Source records
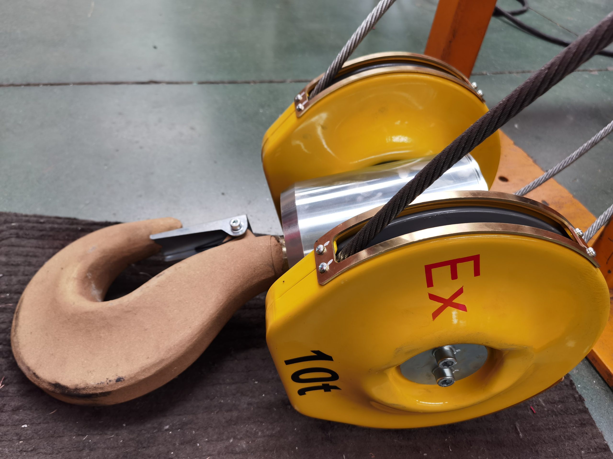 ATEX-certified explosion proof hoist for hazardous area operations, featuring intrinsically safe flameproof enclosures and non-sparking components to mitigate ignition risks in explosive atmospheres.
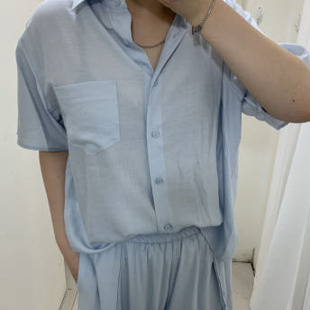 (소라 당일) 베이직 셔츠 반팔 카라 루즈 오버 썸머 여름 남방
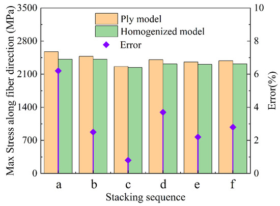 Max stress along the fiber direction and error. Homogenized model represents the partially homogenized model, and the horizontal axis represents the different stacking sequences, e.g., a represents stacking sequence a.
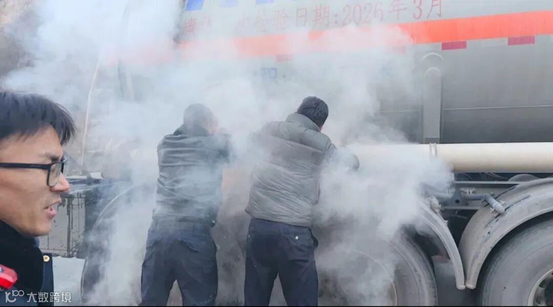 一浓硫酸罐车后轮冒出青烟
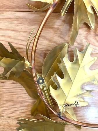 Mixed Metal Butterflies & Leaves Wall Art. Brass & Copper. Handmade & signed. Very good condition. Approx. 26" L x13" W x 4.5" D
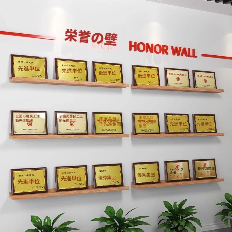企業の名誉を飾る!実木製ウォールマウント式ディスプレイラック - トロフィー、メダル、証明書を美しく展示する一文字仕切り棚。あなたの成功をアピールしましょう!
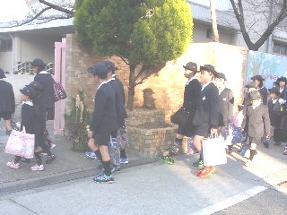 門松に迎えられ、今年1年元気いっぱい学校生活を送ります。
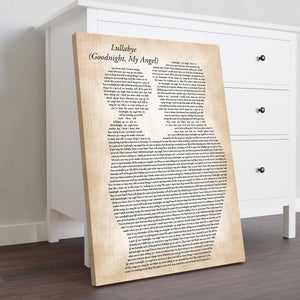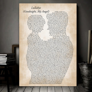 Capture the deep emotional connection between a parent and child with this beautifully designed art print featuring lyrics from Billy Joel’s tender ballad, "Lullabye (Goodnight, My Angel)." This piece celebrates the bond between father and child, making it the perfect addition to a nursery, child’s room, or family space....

--

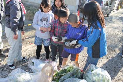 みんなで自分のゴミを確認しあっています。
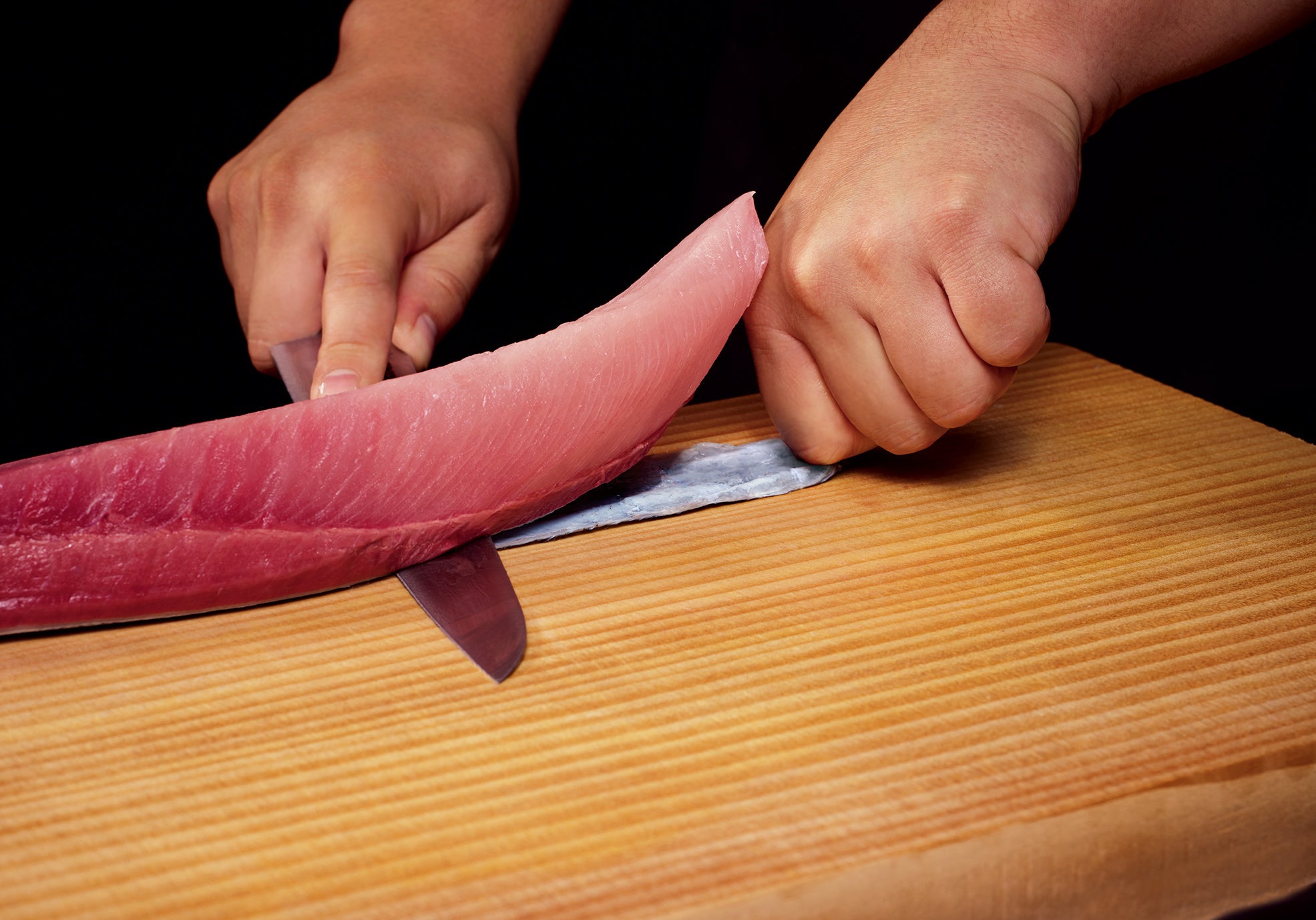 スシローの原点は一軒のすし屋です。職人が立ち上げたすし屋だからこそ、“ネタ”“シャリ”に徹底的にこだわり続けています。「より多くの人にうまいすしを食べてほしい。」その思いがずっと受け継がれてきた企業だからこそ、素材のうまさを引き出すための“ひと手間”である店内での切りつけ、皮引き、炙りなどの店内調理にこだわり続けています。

--

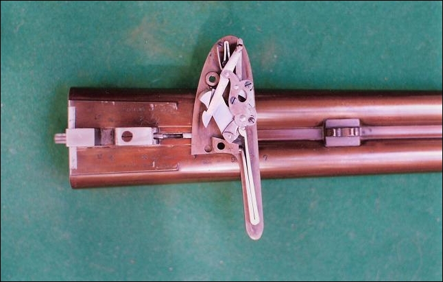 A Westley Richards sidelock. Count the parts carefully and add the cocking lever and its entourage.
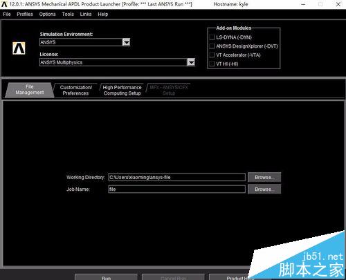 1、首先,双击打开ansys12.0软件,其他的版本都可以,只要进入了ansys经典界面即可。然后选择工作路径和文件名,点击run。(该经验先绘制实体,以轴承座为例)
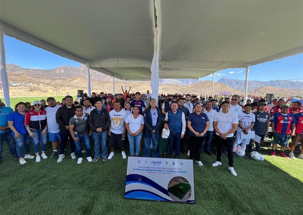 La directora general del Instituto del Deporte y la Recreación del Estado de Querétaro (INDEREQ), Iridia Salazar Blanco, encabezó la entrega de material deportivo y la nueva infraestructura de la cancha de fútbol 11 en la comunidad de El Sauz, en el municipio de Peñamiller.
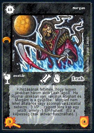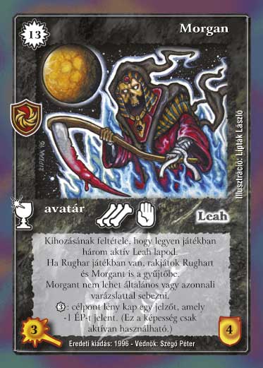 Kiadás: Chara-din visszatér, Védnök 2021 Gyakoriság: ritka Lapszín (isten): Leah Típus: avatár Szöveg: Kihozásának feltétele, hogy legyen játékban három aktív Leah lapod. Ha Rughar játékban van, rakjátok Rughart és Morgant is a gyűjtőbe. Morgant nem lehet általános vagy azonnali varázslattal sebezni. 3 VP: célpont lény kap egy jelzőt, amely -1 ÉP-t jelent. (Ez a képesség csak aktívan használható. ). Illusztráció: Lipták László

Task brief
Once the line with "ATEX-certified explosion proof" is found above, transcribe each line from it through the line with "(소라 당일) 베이직 셔츠 반팔 카라 루즈 오버 썸머 여름 남방", exactly, and omit the pictures.

Solved exercise
 ATEX-certified explosion proof hoist for hazardous area operations, featuring intrinsically safe flameproof enclosures and non-sparking components to mitigate ignition risks in explosive atmospheres.
 (소라 당일) 베이직 셔츠 반팔 카라 루즈 오버 썸머 여름 남방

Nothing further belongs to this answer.